So there's another post going around today about how physical media is on the way out, because it's more profitable and somehow legal for companies to just not let you have shit you pay for. Last time posts like that were making the rounds, there was a very good one about how it's more an issue of ownership, rather than the format. Physical media just happens to be something that existed before a company could just say "we don't want you to have this anymore" and be able to take it away, and also existed back when concepts like "What if I run a business renting these?" and "I should be able to sell this thing when I'm done with it" could still be legally protected, at least in the US.
Cohost's @cathoderaydude 1 made a wonderful video today about some ancient CD and DVD jukebox/autochanger devices, which you should immediately go watch, but during that he mentions how maintaining backups for a business just stinks. From 48:37:
Backing up data is a tremendous pain. It was then [~1993], it still is now. There's a whole subreddit [r/DataHoarder] dedicated to people trying to figure out how to store lots of data without Constant Effort to keep it alive. The general consensus is: You can't, don't try. Everything rots. Everything degrades. Burned CDs, tapes, powered down hard drives, SSDs They all die, even if they're sitting in a cool dark place. Your best bet is to buy huge spinning disks, put them in RAID arrays, monitor them, and be ready to replace them when, not if, they stop working. Nobody has found a truly superior solution. No, don't bring up tape, we're not having that discussion.

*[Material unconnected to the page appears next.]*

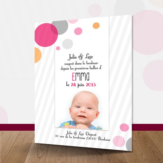Le joli faire-part de naissance ou baptême Bulles.
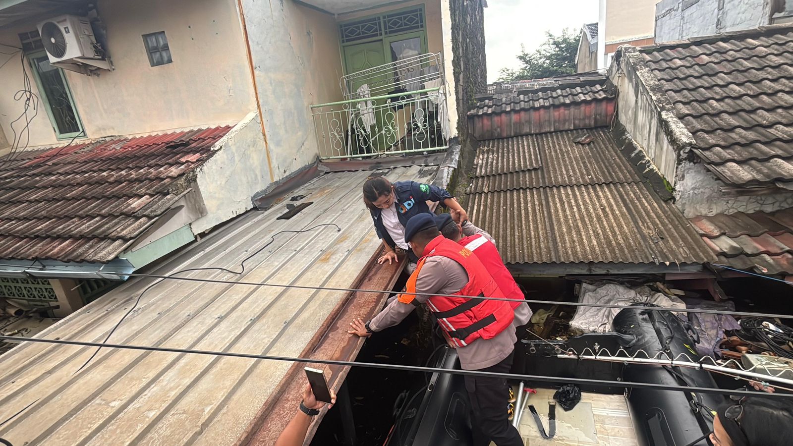 Tangerang – Tim SAR Batalyon C Pelopor Satuan Brimob Polda Metro Jaya bergerak cepat merespons banjir di Perumahan Priuk Damai, Tangerang, Banten.

This is of course all correct. If you're a business that needs to keep your data available from backups but still private, these are your options2, and they stink AND cost a lot. I've worked at a place that kept tape backups, they suck. I'm talking "The tape spends 22 hours out of 24 backing up and you have a 2 hour window to swap tapes" suck. But that's not important anyway because businesses usually don't need to backup movies and games, which is what I want to talk about.
When data is non private, we do have a good way to back it up. Torrents, basically. A RAID array is just putting the same data across multiple disks, so one disk failure doesn't ruin the data. When you learn about backups you learn they're all about removing single points of failure by duplicating them. Have multiple RAID cards3 so one can't corrupt your data on multiple disks. Have multiple machines so one failing won't corrupt your data across multiple arrays. Have your data in multiple physical locations so that a storm can completely destroy one and you won't lose your data. Think about how someone would try to do this at a consumer scale. Even if you can afford just the storage to have two copies of your data, most people can't afford to rent out a half rack in a datacenter and keep a spare machine running there, you'd probably find a friend you could keep a second machine in. If the data doesn't have to be private, it'd make more sense to just give them a copy and ask them not to delete it, right?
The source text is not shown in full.